Re-Cycle
RE-CYCLE
(GWAI WIK) 2006

Directors: Danny Pang & Oxide Pang

Reviewed by Paghat the Ratgirl



Author Ting-yin (Angelica Lee; aka, Sinje Lee) has finished her love story trilogy & has had a film made of one volume. Her current project is a supernatural novel, & as she progresses, ghosts seem to be invading her life.

Re-CycleRe-Cycle (Gwai wik, 2006) from those twins Danny & Oxide Pang confirms their leading status as masters of cinematic weird fiction. Excellent cast & unsettling storyline gives Re-Cycle a classy feeling, even as the story that unfolds becomes increasingly wacky.

Ting-yin's old flame, who inspired her romantic trilogy, has returned after eight years to muck with her emotions. The soap opera bits work well in establishing character, but soon the film will be anything but soap. It'll come closer to being a surreal video game.

One day she steps out of the elevator into a garage & finds herself entering a post-apocolyptic world, pursued by the weirdest damned spirits. She flees toward what appears to be a sheer eternal cliff at the edge of the world.

The crumbling city of wasted ghosts or burnt zombies & broken stairways & horrific carnival rides make an extreme, creepy, baroque nightmare environment that defies reason & yet has dreamlike familiarity. The Pangs are brilliant at making something comprehensible out of the chaotic.

It's a world where abandoned thoughts & creations are recycled. Ting-yin has gained acess through her own discarded rough drafts for her novel in progress. Periodically the world of re-cycled creativity erodes into nothingness, & she must not remain in this world too long or she, too, may erode amidst discarded thoughts & objects & people.

Attacked by hanged zombies with stretched out necks, a child rides io her rescue on a giant toy horse, leading her into another realm of broken forgotten or discarded toys, here rendered monstrous in size.
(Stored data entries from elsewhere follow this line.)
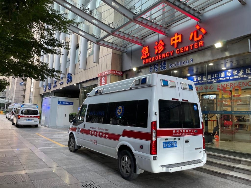 7月13日下午,浙大二院急診中心外停著多輛急救車。(圖片由受訪者提供)
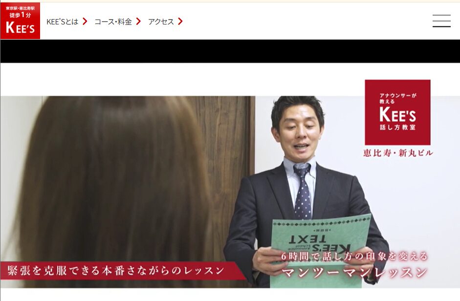 「KEE’S(キーズ)」は、アナウンサーが講師を務める話し方教室です。テレビやラジオの現場で培われたノウハウを体系化した独自メソッドをもとに、話し方をトレーニングすることができます。
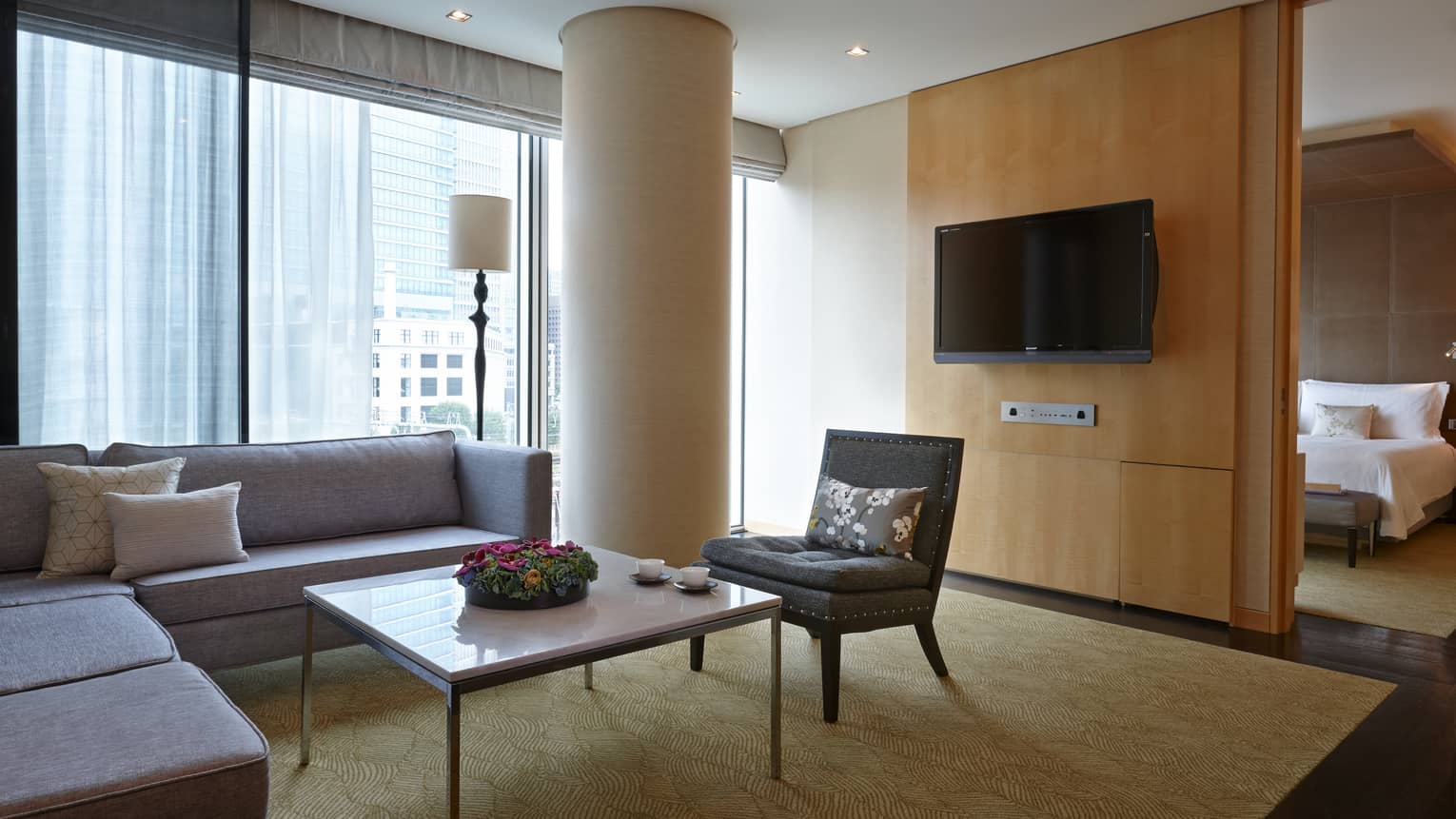 一方には緑豊かな皇居の杜、もう一方には高層ビル群を見渡す贅沢なコーナースイート。広々としたリビングルームで団欒のひとときに過ごした後は、静かなベッドルームでゆっくりとおやすみください。このスイートは2ベッドルームスイートとしてもご利用いただけます。詳細はホテルまでお問い合わせください。
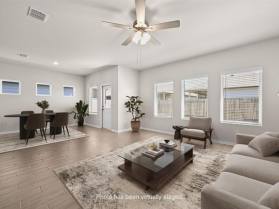 Buyers who close with our preferred lender, Park 65 Lending, will receive $2,500 of lender-paid closing costs! Welcome to 141 Yellowstone Drive—a like-new, single-story home built in 2023, offering 3 bedrooms, 2 bathrooms, and 1,772 square feet of thoughtfully designed living space. This home features wood-look tile flooring throughout the common areas and an open-concept layout perfect for everyday living and entertaining. The kitchen includes granite countertops, light cabinetry, stainless steel appliances, recessed lighting, and a large pantry. The spacious primary suite offers double vanities, an oversized soaking tub, a separate walk-in shower, a generous walk-in closet, and plenty of additional storage. Outside, you’ll find a 2.5-car garage (plumbed for a water softener and has additional rack storage space), an automatic sprinkler system, and a fenced backyard. Located in the Paramount neighborhood of Kyle, this home is ideally situated between Austin and San Marcos with quick access to I-35. The house has been freshly painted and is ready for new owners!
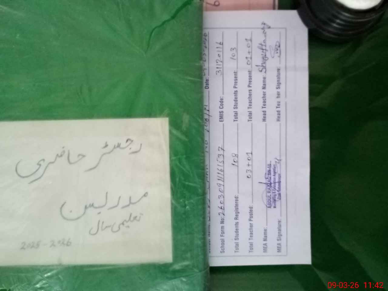 | Attendance Register | Head Teacher | MEA with School | Visit Proof |
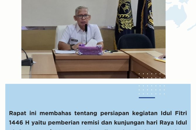 Rapat ini membahas tentang persiapan kegiatan Idul Fitri 1446 H yaitu pemberian remisi dan kunjungan hari Raya Idul Fitri 1446 H / 2025 M. Kakanwil, Heri Azhari mengatakan, “Meskipun kegiatan pelayanan kunjungan Idul Fitri berlangsung 2 hari, namun berikan pelayanan yang maksimal kepada masyarakat, serta lakukan koordinasi bantuan keamanan kepada TNI dan Polri”, tegasnya.
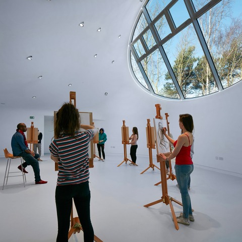"La sala celebra cuatro aspectos de la luz - el tema central es observar y dibujar, por lo que se incluye gran cantidad de luz norte en la zona de estudio tradicional, un claristorio trasero que arroja una luz más suave desde la pared trasera, una discreta e incluso más suave luz que se filtra desde debajo de las mesas en la zona este y, por último, un baño de luz que gradualmente entra a lo largo de la curva de la puerta de cristal de la entrada", dijo el profesor Stuart Bartolomé CBE, Director y Vice-Canciller.
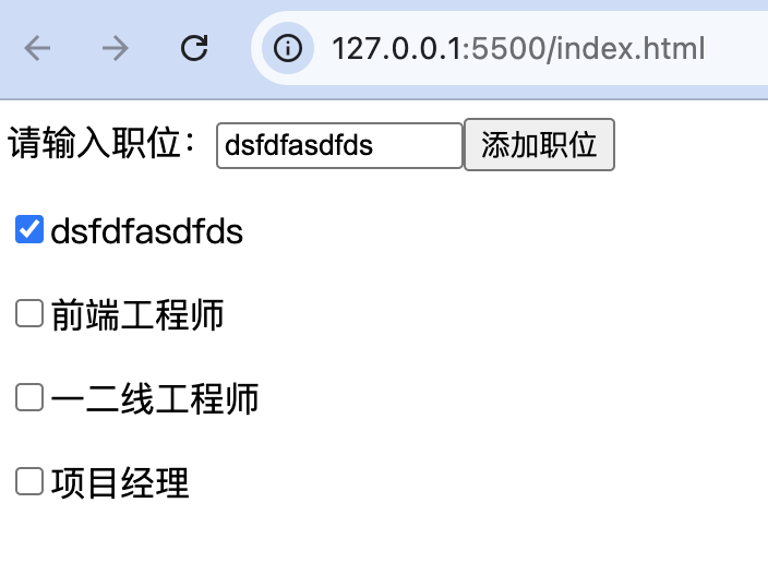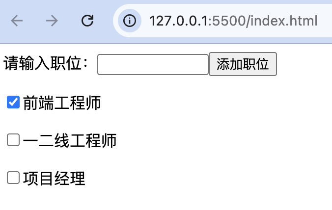 在输入框中输入新的职位,单击"添加职位"按钮后,向职位数组开头添加了一个新职位,结果如图所示。

Re-CycleTo get back to the living world, the little girl explains, Ting-yin will have to find the place called "Transit." As the place of toys begins to erode, she & the child barely escape into the world of forgotten & discarded books.

Spirit guides like the child & her ghost-uncle (Lau Siu-Ming) assist Ting-yin on her quest for Transit.

But she falls into the giant womb of discarded fetuses, inhabited by half-formed & monstrously deformed babies that cry & watch her until the little girl spirit guide manages to get her out.

That segment comes off as an anti-abortion tirade & loses its story focus. Indeed, because each zone is like stepping through a series of gothic sets or paintings, or a cavalcade of surrealism while plot & story are otherwise on hold, it does get a tiny bit tedious after a while having random momentum rather than any sense of inevitably moving forward.

Our heroine begins to lose her sense of identity, feeling increasingly like a character trying to escape from the drafts of her own book, & not the actual author. So much of the film is artfully constructed of CGI, so that at times it feels like it should be regarded as anime with live actors inserted, an imaginative & effective mix.

The Pangs have done well what many modern young directors do badly. They rely on CGI; they create fantasy worlds with "rules" as though they have mistaken cinema for a game of Dungeons & Dragons; or they make the film look like a video game, weaving through a maze of strangeness to the winning-point of Transit.

And Re-Cycle does become much more video game than storytelling at times, a flaw since watching a video game is just not as involving as playing one. Still, the Pangs have done more with it than one might expect.

With these ingredients, ninety-nine out of a hundred directors would end up with a childish film, but the Pangs make it work. Finding, & trusting, meritorious actors is a great part of their success. A performance with conviction can make the absurd reasonable, the spectacle personal, with suspenseful result. They haven't made walking around in computer-art quite as human & real as Terry Gilliam has managed, but they're leaning in that direction.